The brain metastases due to breast cancer could be fought by a potential combination therapy: a study of Ludwig Cancer Research who has identified and validated preclinically the therapy in question that has how target tumor-associated macrophages and microglia (TAM), immune cells found within brain metastases that cancer cells can manipulate to support their growth and survival.
There Research was published in the scientific journal Nature Cancer.
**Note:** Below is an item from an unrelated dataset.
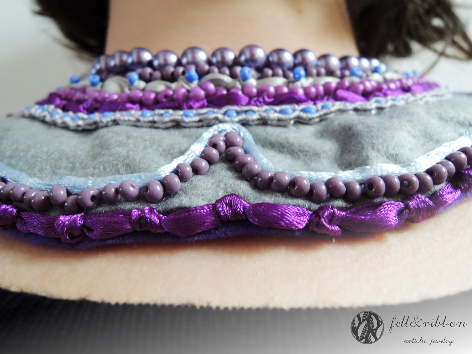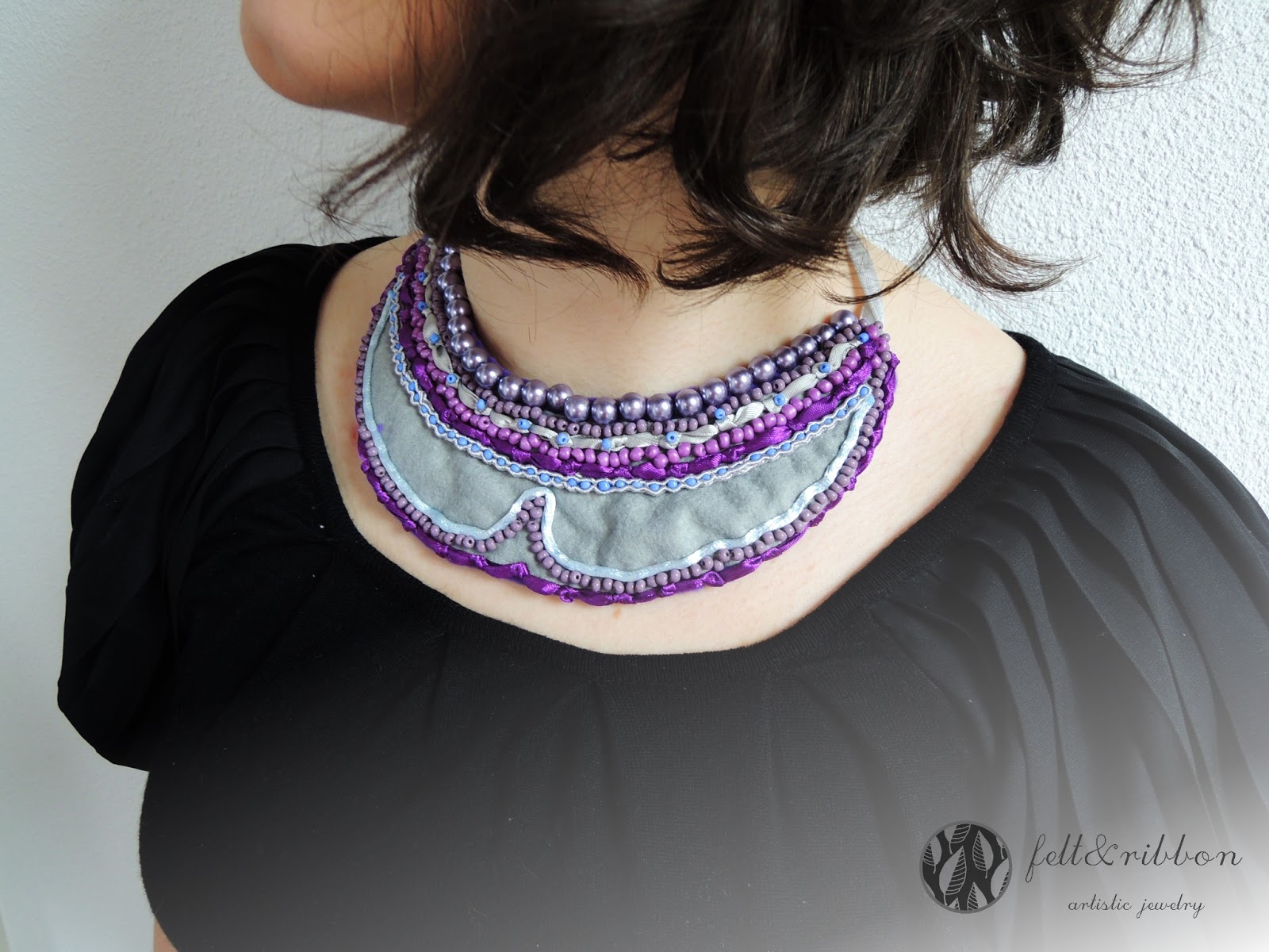 Ten weekend spędziłam na pracy nad nowym kołnierzykiem. Tym razem nie użyłam części męskiej koszuli jako bazy. Zdecydowałam się, że użyję filcu. Dało mi to pełną downość w wyborze kształtu. Poza filcem użyłam koralików, sznurków do soutache'u i wstążek. Jestem całkiem zadowolona z rezultatu.
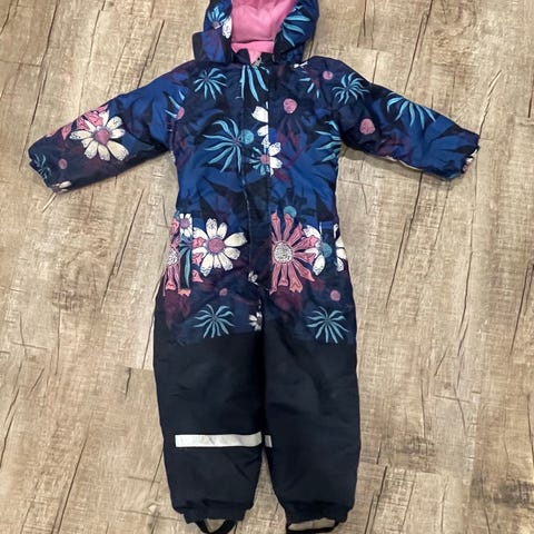 Tytöllä yhden talven käytössä ollut, vielä muhkea talvihaalari. Jalkalenksut. Nouto ovenkahvasta Paloheinästä. Mp. Mmm.

Breast Cancer Brain Metastases: How the Combined Treatments of the New Therapy Work
The study, carried out by Johanna Joyce and Florian Klemm of Ludwig Lausanne, together with Lisa Sevenich of the Georg-Speyer-Haus Institute for Tumor Biology and Experimental Therapy, in Frankfurt, showed that a therapy aimed at TAM – which inhibits a signaling called CSF1R— is initially effective but ultimately promotes an adaptive resistance mechanism in immune cells.
That mechanism, which activates an alternative signaling pathway in TAMs focused on a secreted protein factor called CSF2 and a protein that helps transmit its signals, STAT5, revives tumor growth by promoting the expression of genes involved in inflammation and in wound repair. Researchers show that blocking this signaling pathway in concert with inhibition of CSF1R significantly extends survival in mouse models of breast-brain metastasis.
“There is an urgent and unmet need for effective treatments for brain metastases“Said Joyce, a member of the Ludwig Institute for Cancer Research, Lausanne. “Current therapies can alleviate some of the side effects of these cancers, but they do not appreciably extend the lives of patients. Our study identifies a rationally devised combination therapy that activates an antitumor immune response and simultaneously undermines a resistance mechanism that, we have now shown, can develop in response to initial therapy, inhibition of CSF1R“.
Joyce’s lab previously explored the targeting of TAMs associated with primary brain tumors, in particular gliomas, using CSF1R inhibitors, whose activity is essential for cells. These studies demonstrated that inhibition of CSF1R significantly prolongs survival in preclinical mouse models of these tumors.
Notably, Joyce’s team found that the treatment did not result in the death of the TAMs in these mouse models, but rather their “re-education“In antitumor immunity agents. The same CSF1R inhibitor (BLZ945) that Joyce’s lab used in its preclinical studies is currently being evaluated in an early-stage clinical trial in patients with a range of solid tumors, including glioblastomas.
Joyce, Klemm, Sevenich and colleagues wanted to examine whether the CSF1R inhibitor would have a similar effect on TAMs in breast and brain cancer metastases, and to obtain key insights from preclinical studies on how treatment might unfold in the long-term in patients.
The researchers explained that the treatment with the CSF1R inhibitor, BLZ945, initially reduces the proliferation of brain metastases from breast cancer, follows a stalemate in their growth for several weeks, and induces some regressions of brain tumors established in mouse models. However, the inhibition of CSF1R resulted in the killing of all but a subset of TAMs, not their re-education into an effective anticancer immune body, as was the case in gliomas.
Long-term, the treatment also triggered adaptive changes in the TAMs that drive inflammation and cause damage to the neural tissue around the brain metastases.
Subsequent analysis revealed that TAMs had compensated for blocking CSF1R signaling by engaging an alternative signaling axis activated by the relative CSF2 receptor (CSF2R) and mediated by STAT5 within the cells. The researchers found that combining BLZ945 with a STAT5 signaling inhibitor (or anti-CSF2 antibody) durably blocked the growth of breast cancer brain metastases in the mouse model. STAT5 inhibition also stopped inflammation and reversed nerve damage associated with CSF1R inhibition in these metastatic tumors. It also reprogrammed the TAMs into an anticancer state.
“Our results reveal the potential risk of triggering pro-inflammatory responses in brain metastases following CSF1R inhibition and suggest a compelling strategy to overcome this adaptive resistance mechanism,” Joyce said.
“These findings have important translational implications for efforts aimed at modify the immune microenvironment of brain tumors for therapy, showing how important it is to have a detailed understanding of the unique landscape of each tumor type in developing these rational combined treatment strategies “, concluded the scientist.